**PROBLEM REQUIREMENTS**
Exact reproduction is required for the lines below starting at the line with "Descobreixi aquesta moderna" and ending at the line with "Santa Claus chat", both included. No other lines, and no pictures.

BEGIN TASK INPUTS

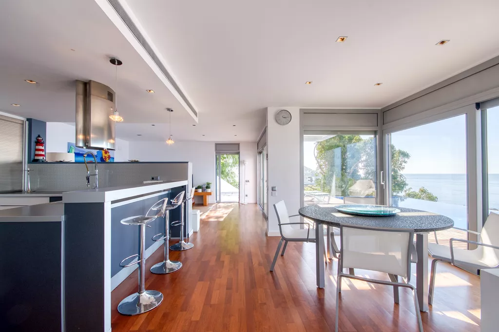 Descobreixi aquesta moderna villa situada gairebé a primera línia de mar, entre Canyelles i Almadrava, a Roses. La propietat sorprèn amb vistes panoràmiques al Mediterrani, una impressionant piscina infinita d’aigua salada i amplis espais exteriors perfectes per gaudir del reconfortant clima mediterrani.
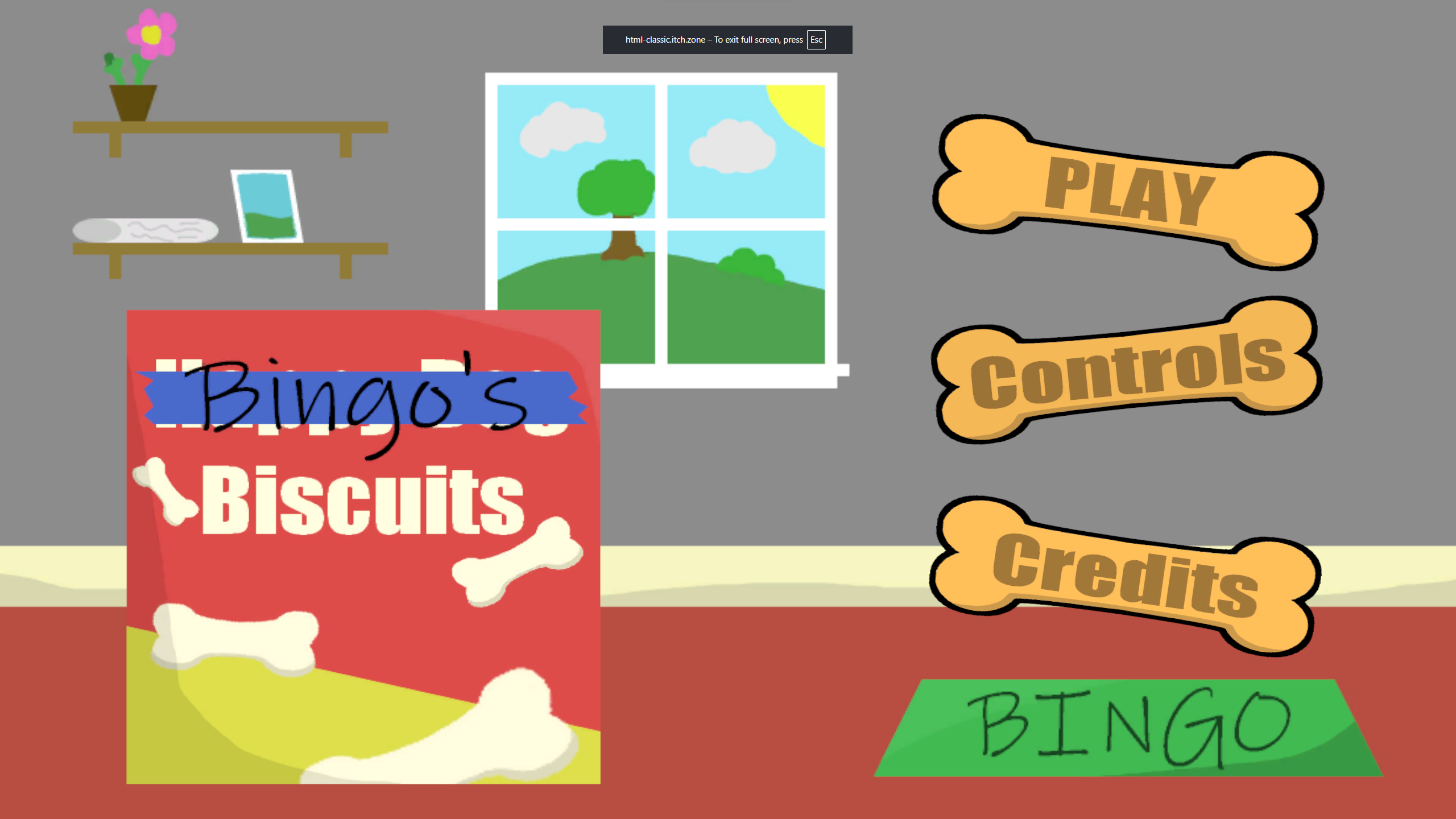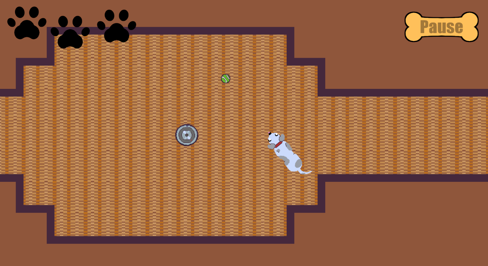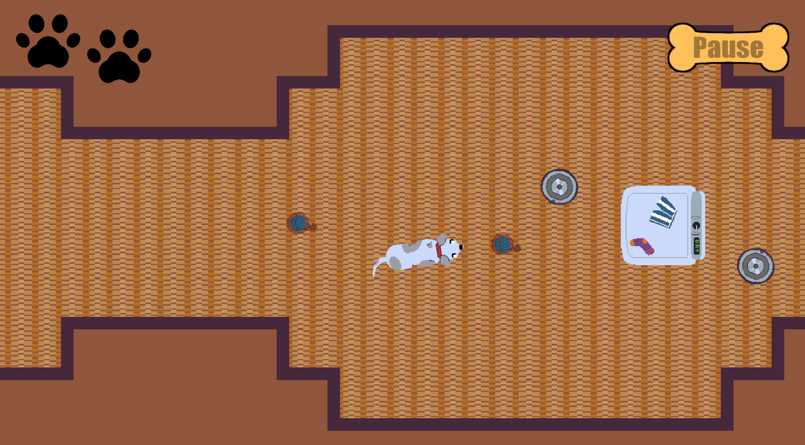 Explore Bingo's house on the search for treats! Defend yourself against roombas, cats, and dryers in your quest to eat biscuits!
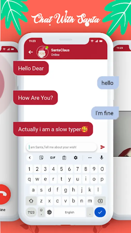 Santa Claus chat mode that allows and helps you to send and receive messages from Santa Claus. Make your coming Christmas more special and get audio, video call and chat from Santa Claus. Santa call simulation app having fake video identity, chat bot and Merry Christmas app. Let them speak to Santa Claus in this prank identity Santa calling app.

END TASK INPUTS
BEGIN TASK INPUTS

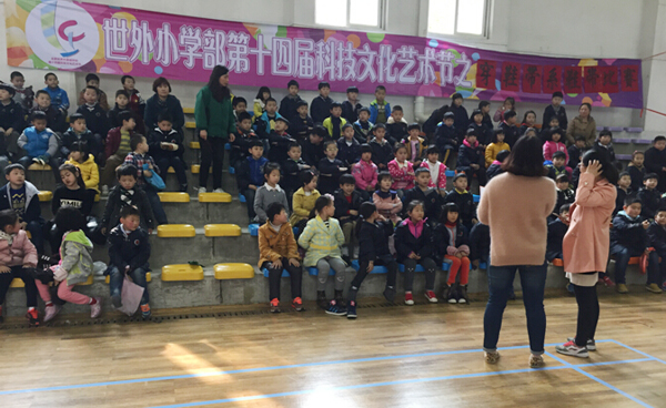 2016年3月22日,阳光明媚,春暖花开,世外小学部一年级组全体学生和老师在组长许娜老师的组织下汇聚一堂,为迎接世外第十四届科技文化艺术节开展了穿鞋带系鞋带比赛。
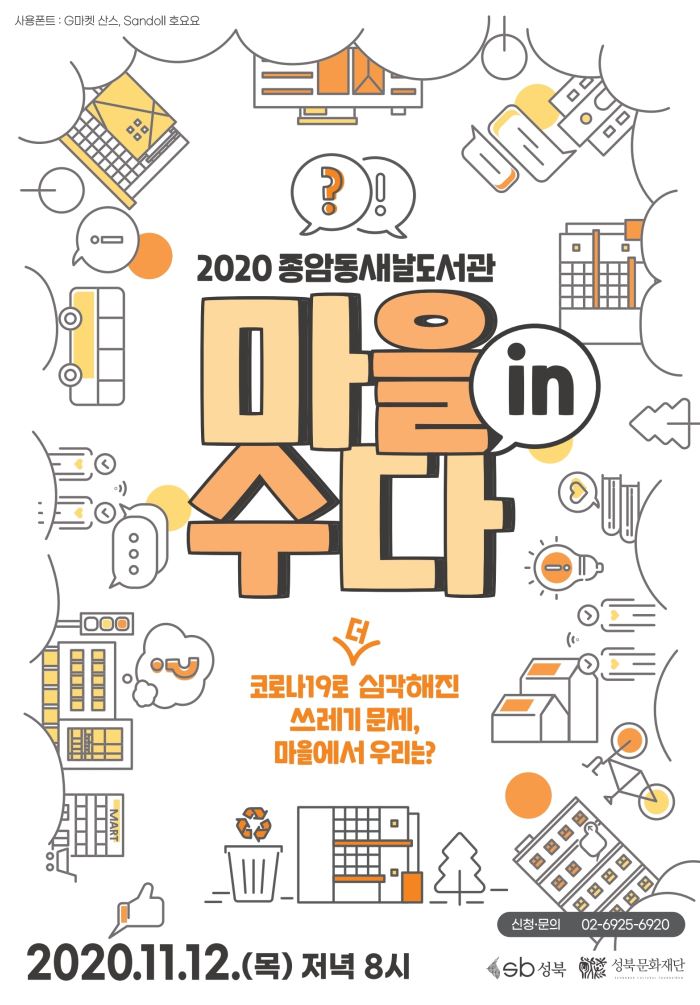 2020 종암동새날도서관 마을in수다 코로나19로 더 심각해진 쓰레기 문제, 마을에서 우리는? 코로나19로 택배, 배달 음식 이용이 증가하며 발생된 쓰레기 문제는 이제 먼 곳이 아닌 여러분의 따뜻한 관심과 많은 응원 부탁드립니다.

END TASK INPUTS

**ANSWER TO THE EXERCISE**
 Descobreixi aquesta moderna villa situada gairebé a primera línia de mar, entre Canyelles i Almadrava, a Roses. La propietat sorprèn amb vistes panoràmiques al Mediterrani, una impressionant piscina infinita d’aigua salada i amplis espais exteriors perfectes per gaudir del reconfortant clima mediterrani.
 Explore Bingo's house on the search for treats! Defend yourself against roombas, cats, and dryers in your quest to eat biscuits!
 Santa Claus chat mode that allows and helps you to send and receive messages from Santa Claus. Make your coming Christmas more special and get audio, video call and chat from Santa Claus. Santa call simulation app having fake video identity, chat bot and Merry Christmas app. Let them speak to Santa Claus in this prank identity Santa calling app.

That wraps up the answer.